I just did it the hard way :\ lots of standing in the stirrups and no-stirrup work and I rode for 2 whole months bareback due to not having a saddle that would fit the pony I was riding. I wouldn't have complained if someone had tied my stirrups to my girth, had I had a saddle on at the time!


----------



## littleamy76 (Jun 30, 2011)

It has been many years since I've taken riding lessons or even rode a horse for that matter, but if I remember correctly, one of my instructors had stuck something between our legs and the horse's side and told us to try to keep it there and not let it fall out. I don't think I would ever try tying the stirrups to the girth. To me, that just sounds dangerous and too risky.


----------



## waresbear (Jun 18, 2011)

littleamy76 said:


> It has been many years since I've taken riding lessons or even rode a horse for that matter, but if I remember correctly, one of my instructors had stuck something between our legs and the horse's side and told us to try to keep it there and not let it fall out. I don't think I would ever try tying the stirrups to the girth. To me, that just sounds dangerous and too risky.

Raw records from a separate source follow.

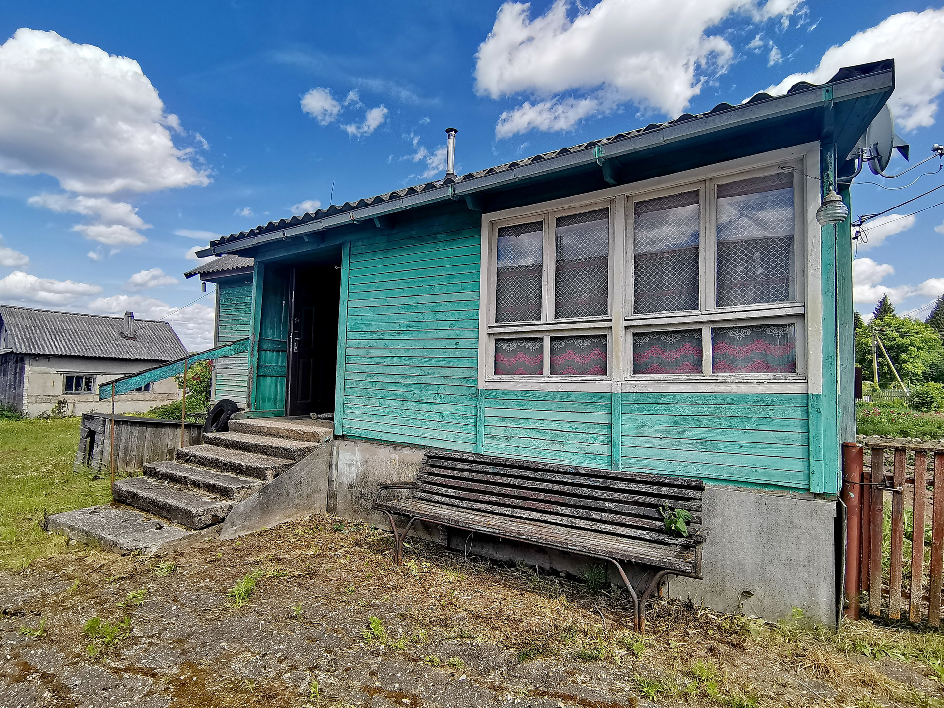 Три изолированные комнаты, 17.9м., 12.2 и 9.8м., кухня - 12.2 м., газ - баллонный. Можно установить электрическую плиту. Санузел раздельный, бойлер. Кладовка и встроенные шкафы. Веранда 9 метров.
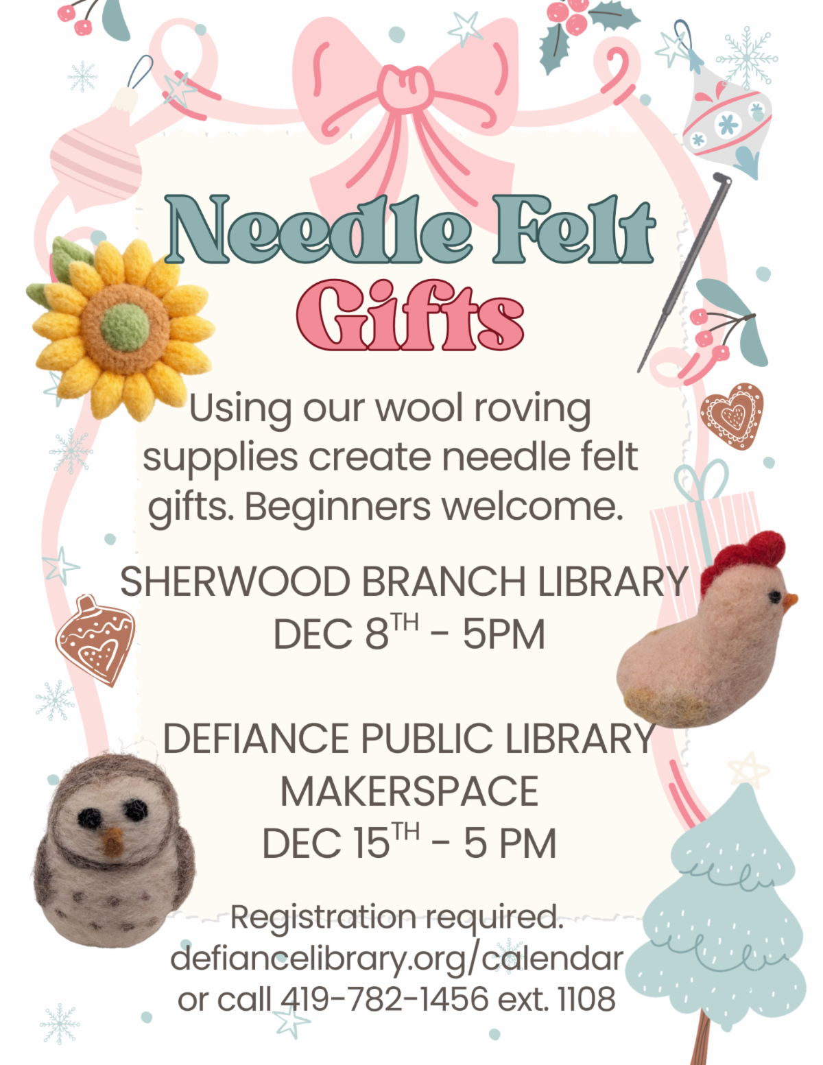 Also this month is our Needlefelt gifts class, where you can use our needlefelt supplies to make gifts for your friends and family. Registration is required for these two classes at Defiance and Sherwood.
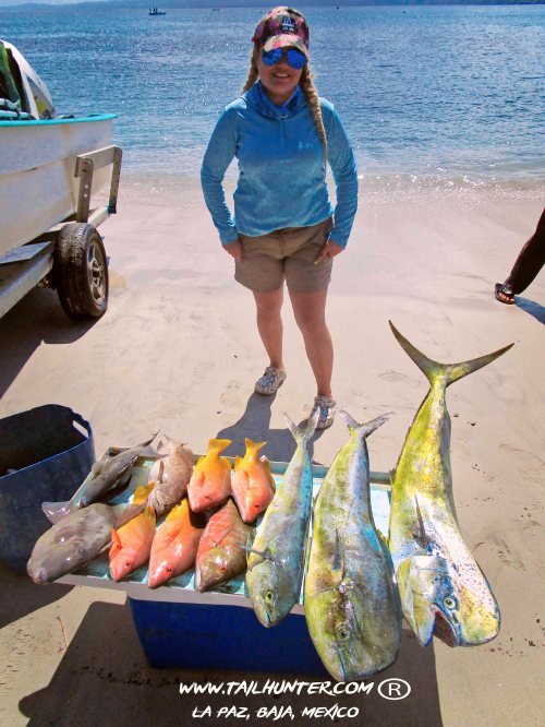 First-timer luck? Hysby Ramirez did pretty darned good with big dorado, snapper, pargo, cabrilla and big triggerfish!
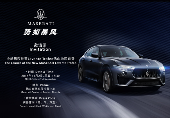 发布会地址:佛山市顺德区伦教街道顺德玛莎拉蒂中心展厅(周大福旁)。
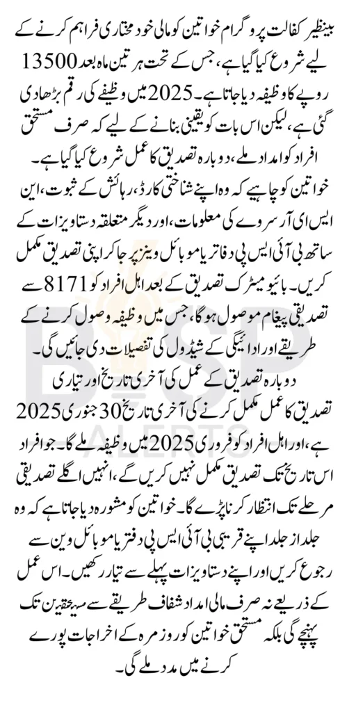 The Benazir Kafalat 13500 Stipend Re-Verification Process 2025 is an important step to ensure that the financial assistance reaches the most deserving women. By completing the verification process through the BISP Mobile Van or office, women can continue receiving their stipend and improve their household’s financial stability. Remember, the deadline to complete the re-verification is January 30, 2025.

What your instructor did sounds similiar to the Ride-a-Buck event in playday games, except it's done bareback. Last time I participated in that I won, cuz I was so sweaty & so was the horse so the paper note serving as the dollar was mushed into my pants. After I won I got off the horse & was walking around with this paper note stuck to my inner thigh,


----------



## hillree (Dec 30, 2010)

My trainer tied my stirrups to my girth... it really helped my position and my balance got way better.  I use safety stirrups, so would it still be risky?


----------



## jody111 (May 14, 2008)

Its not really risky = your feet fall out just as easy... you can always split the baling twine so its thin and will break easier...

is really common... Ive seen it use in jumping alot to help people with the position of the leg over the jump


----------



## LetAGrlShowU (Mar 25, 2009)

Interesting...


----------



## Sapphire (May 31, 2011)

To be honest, after a lot of trying and failing when it comes to "using things" to improve my riding, I've come to the conclusion that good old hard work is the most foolproof method. I've never tried this, so I could be talking a load of rubbish, but I would think that tying stirrups to the girth would make riding very awkward and really restrict leg use. I ride my horse through my legs more so than my hands and I'm constantly having to move my legs to ask my horse to bend and so on. 
Personally I think that practising the hard way to lead to a more natural development of still legs, but I suppose that if someone was having real problems - say, the horse was interpreting the leg movement as an aid and speeding up, causing the riding to lose control or something.
Like the person above said, standing in stirrups is good for obtaining a more secure position, and is a lot safer than tying the stirrups to the girth.


----------